Cross-over endocytosis of claudins is mediated by interactions via their extracellular loops.

作者信息

Gehne Nora, Lamik Agathe, Lehmann Martin, Haseloff Reiner F, Andjelkovic Anuska V, Blasig Ingolf E

机构信息

Leibniz-Forschungsinstitut für Molekulare Pharmakologie, Berlin, Germany.

University of Michigan, Medical School, Ann Arbor, United States of America.

出版信息

PLoS One. 2017 Aug 15;12(8):e0182106. doi: 10.1371/journal.pone.0182106. eCollection 2017.

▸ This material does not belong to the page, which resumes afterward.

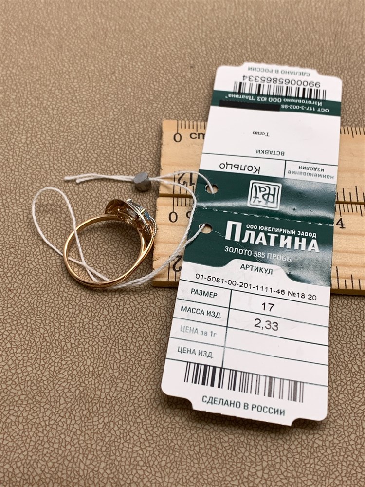 *Кольцо р.17 Топаз цв Красное, Белое арт. 01-5081-00-201-1111-46-334 (вес 2,33 г)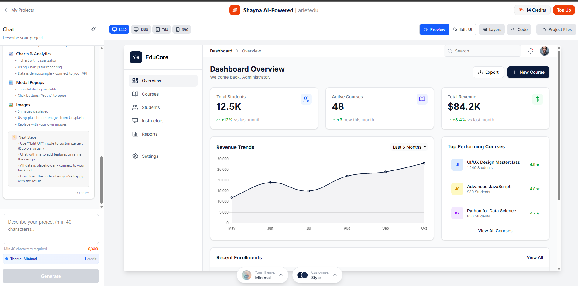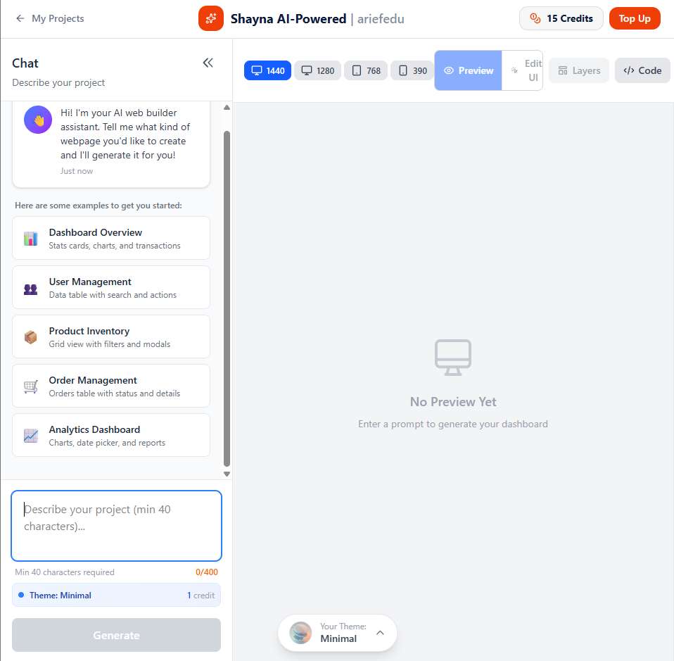 Berbeda dengan AI generator umum yang mencoba melakukan segalanya, Shaynaaa laser-focused pada pembuatan dashboard dan admin panel. Ini berarti output-nya sudah dioptimalkan untuk kasus penggunaan bisnis seperti CRM, LMS, atau e-commerce backend.

DOI:10.1371/journal.pone.0182106
PMID:28813441
原文链接:https://pmc.ncbi.nlm.nih.gov/articles/PMC5557494/
Abstract

Claudins (Cldns) are transmembrane tight junction (TJ) proteins that paracellularly seal endo- and epithelial barriers by their interactions within the TJs. However, the mechanisms allowing TJ remodeling while maintaining barrier integrity are largely unknown. Cldns and occludin are heterophilically and homophilically cross-over endocytosed into neighboring cells in large, double membrane vesicles. Super-resolution microscopy confirmed the presence of Cldns in these vesicles and revealed a distinct separation of Cldns derived from opposing cells within cross-over endocytosed vesicles. Colocalization of cross-over endocytosed Cldn with the autophagosome markers as well as inhibition of autophagosome biogenesis verified involvement of the autophagosomal pathway. Accordingly, cross-over endocytosed Cldns underwent lysosomal degradation as indicated by lysosome markers. Cross-over endocytosis of Cldn5 depended on clathrin and caveolin pathways but not on dynamin. Cross-over endocytosis also depended on Cldn-Cldn-interactions. Amino acid substitutions in the second extracellular loop of Cldn5 (F147A, Q156E) caused impaired cis- and trans-interaction, as well as diminished cross-over endocytosis. Moreover, F147A exhibited an increased mobility in the membrane, while Q156E was not as mobile but enhanced the paracellular permeability. In conclusion, the endocytosis of TJ proteins depends on their ability to interact strongly with each other in cis and trans, and the mobility of Cldns in the membrane is not necessarily an indicator of barrier permeability. TJ-remodeling via cross-over endocytosis represents a general mechanism for the degradation of transmembrane proteins in cell-cell contacts and directly links junctional membrane turnover to autophagy.

摘要

紧密连接蛋白(Claudins,Cldns)是跨膜紧密连接(TJ)蛋白,通过在紧密连接内的相互作用在细胞旁密封内皮和上皮屏障。然而,在维持屏障完整性的同时允许紧密连接重塑的机制在很大程度上尚不清楚。Cldns和闭合蛋白以异嗜性和同嗜性方式通过跨细胞内吞作用进入相邻细胞,形成大的双膜囊泡。超分辨率显微镜证实了这些囊泡中存在Cldns,并揭示了跨细胞内吞囊泡中来自相对细胞的Cldns的明显分离。跨细胞内吞的Cldn与自噬体标记物的共定位以及自噬体生物发生的抑制证实了自噬体途径的参与。因此,如溶酶体标记物所示,跨细胞内吞的Cldns经历了溶酶体降解。Cldn5的跨细胞内吞作用依赖于网格蛋白和小窝蛋白途径,但不依赖于发动蛋白。跨细胞内吞作用也依赖于Cldn-Cldn相互作用。Cldn5第二个细胞外环中的氨基酸取代(F147A、Q156E)导致顺式和反式相互作用受损,以及跨细胞内吞作用减弱。此外,F147A在膜中的流动性增加,而Q156E的流动性不如F147A,但增强了细胞旁通透性。总之,紧密连接蛋白的内吞作用取决于它们在顺式和反式中相互强烈作用的能力,并且Cldns在膜中的流动性不一定是屏障通透性的指标。通过跨细胞内吞作用进行的紧密连接重塑代表了细胞间接触中跨膜蛋白降解的一般机制,并直接将连接膜更新与自噬联系起来。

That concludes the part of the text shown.